From mboxrd@z Thu Jan  1 00:00:00 1970
X-Msuck: nntp://news.gmane.io/gmane.comp.sysutils.supervision.general/903
Path: news.gmane.org!not-for-mail
From: Charlie Brady <charlieb-supervision@budge.apana.org.au>
Newsgroups: gmane.comp.sysutils.supervision.general
Subject: Re: runit under sysvinit - coping when runsvdir dies
Date: Tue, 15 Nov 2005 22:50:39 -0500 (EST)
Message-ID: <Pine.LNX.4.61.0511152202500.21197@e-smith.charlieb.ott.istop.com>
References: <dlajh8$eqj$1@sea.gmane.org>
NNTP-Posting-Host: main.gmane.org
Mime-Version: 1.0
Content-Type: TEXT/PLAIN; charset=US-ASCII; format=flowed
X-Trace: sea.gmane.org 1132113103 27118 80.91.229.2 (16 Nov 2005 03:51:43 GMT)
X-Complaints-To: usenet@sea.gmane.org
NNTP-Posting-Date: Wed, 16 Nov 2005 03:51:43 +0000 (UTC)
Cc: supervision@list.skarnet.org
Original-X-From: supervision-return-1139-gcsg-supervision=m.gmane.org@list.skarnet.org Wed Nov 16 04:51:39 2005
Return-path: <supervision-return-1139-gcsg-supervision=m.gmane.org@list.skarnet.org>
Original-Received: from antah.skarnet.org ([212.85.147.14])
	by ciao.gmane.org with smtp (Exim 4.43)
	id 1EcEJq-0001Rp-Jz
	for gcsg-supervision@gmane.org; Wed, 16 Nov 2005 04:50:47 +0100
Original-Received: (qmail 26590 invoked by uid 76); 16 Nov 2005 03:51:04 -0000
Mailing-List: contact supervision-help@list.skarnet.org; run by ezmlm
List-Post: <mailto:supervision@list.skarnet.org>
List-Help: <mailto:supervision-help@list.skarnet.org>
List-Unsubscribe: <mailto:supervision-unsubscribe@list.skarnet.org>
List-Subscribe: <mailto:supervision-subscribe@list.skarnet.org>
List-Archive: <http://www.skarnet.org/lists/>
Original-Received: (qmail 26584 invoked from network); 16 Nov 2005 03:51:04 -0000
X-X-Sender: charlieb@e-smith.charlieb.ott.istop.com
Original-To: Charles Duffy <cduffy@spamcop.net>
In-Reply-To: <dlajh8$eqj$1@sea.gmane.org>
Xref: news.gmane.org gmane.comp.sysutils.supervision.general:903
Archived-At: <http://permalink.gmane.org/gmane.comp.sysutils.supervision.general/903>


On Mon, 14 Nov 2005, Charles Duffy wrote:

> I recently had a situation on a fielded server where runsvdir (from runit 
> 1.2.3) apparently died; in any event, all the runsv processes which would 
> typically be directly under runsvdir were instead inherited by sysvinit and 
> running there.
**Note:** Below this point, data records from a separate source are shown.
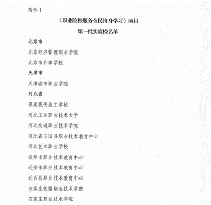 学校成功入选“职业院校服务全民学习” 项目第一批实验校名单
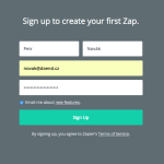 - Založení účtu na Zapier.com – účet je zdarma, a tak nemusíte nic řešit. Na stránce v pravém horním rohu kliknete na Sign Up a vyplníte registrační formulář.
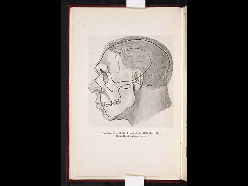 The cover of Keith’s The Antiquity of Man has a gold-stamped image of the Piltdown fragments decorating its blue cloth (second image above). The book also contains a reconstruction of Gibraltar man, a skull found in 1848 and finally recognized in the 1860s as a Neanderthal (third image above).
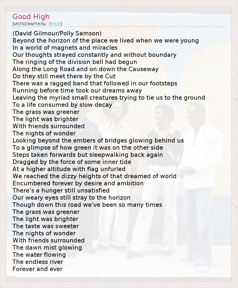 (David Gilmour/Polly Samson) Beyond the horizon of the place we lived when we were young In a world of magnets and miracles Our thoughts strayed constantly and without boundary The ringing of the division bell had begun Along the Long Road and on down the Causeway Do they still meet there by the Cut There was a ragged band that followed in our footsteps Running before time took our dreams away Leaving the myriad small creatures trying to tie us to the ground To a life consumed by slow decay The grass was greener The light was brighter With friends surrounded The nights of wonder Looking beyond the embers of bridges glowing behind us To a glimpse of how green it was on the other side Steps taken forwards but sleepwalking back again Dragged by the force of some inner tide At a higher altitude with flag unfurled We reached the dizzy heights of that dreamed of world Encumbered forever by desire and ambition There's a hunger still unsatisfied Our weary eyes still stray to the horizon Though down this road we've been so many times The grass was greener The light was brighter The taste was sweeter The nights of wonder With friends surrounded The dawn mist glowing The water flowing The endless river Forever and ever
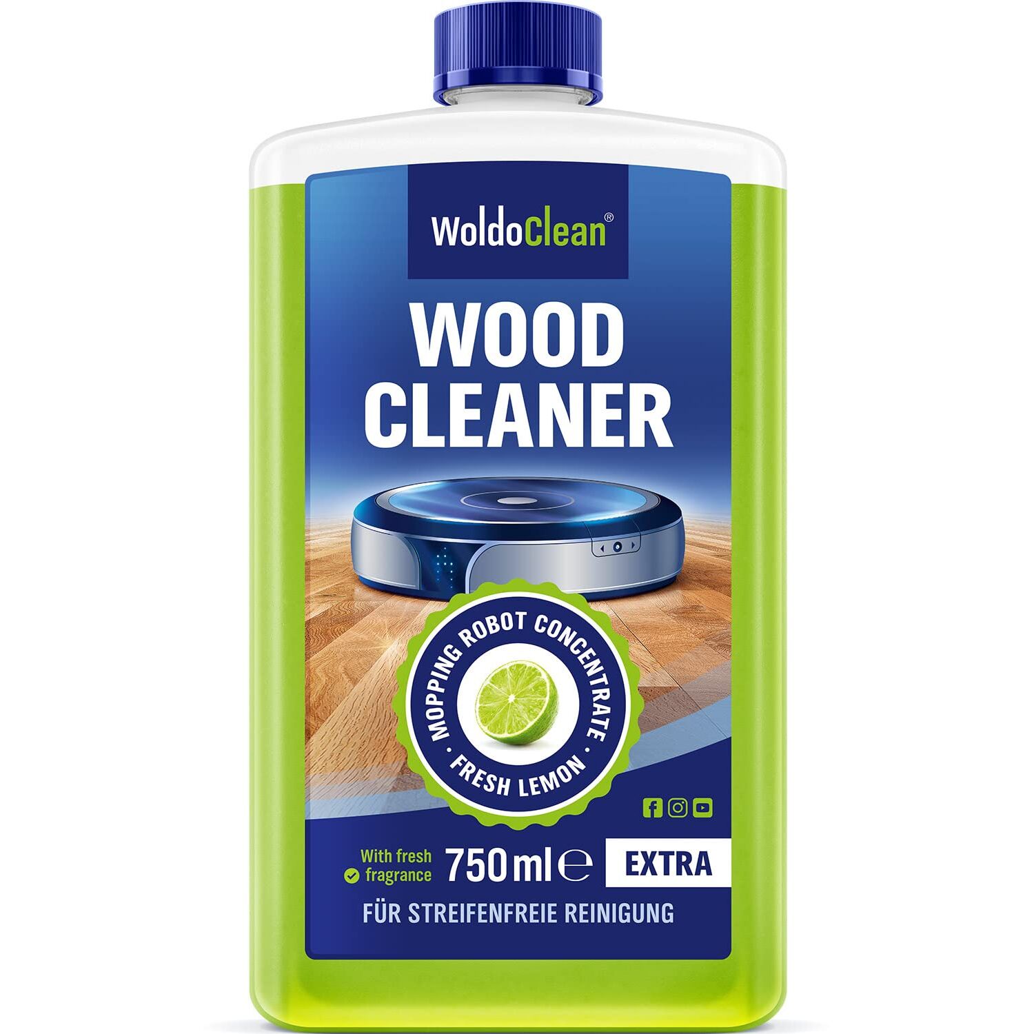 WoldoClean Wischroboter Bodenreiniger Konzentrat 750 ml - streifenfrei für alle Hartböden & Wischroboter, frischer Duft

However, since runsvdir was respawned by sysvinit, a great 
> deal of CPU time was being spent continuously trying to start new runsv 
> instances under the fresh runsvdir -- attempts which failed because there 
> were still runsv instances alive and holding open the relevant locks. I 
> killed the old runsv instances with "runsvctrl e", and fresh children of the 
> new runsvdir took their place -- but there are still some questions raised:
>
> - How could this have happened? The system's message log doesn't show the OOM 
> killer taking down runsvdir or any segfault on the part of the same.

If any of the run scripts (or programs exec'd by the run scripts) did not 
create a new process group, but sent a kill or term signal to its own 
process group (pppd used to do this in the past, and maybe still does), 
then I think it could have brought down the whole pack of cards. In order 
to prevent this, I think that each runsv should start a new process group 
for the run script to execute in.

Note that for any service with a 'down' file, runsv crashing could mean 
that the service changes from an up state to a down state - which is 
almost certainly not want you want to happen (you're running runit to 
prevent such unrequested transitions).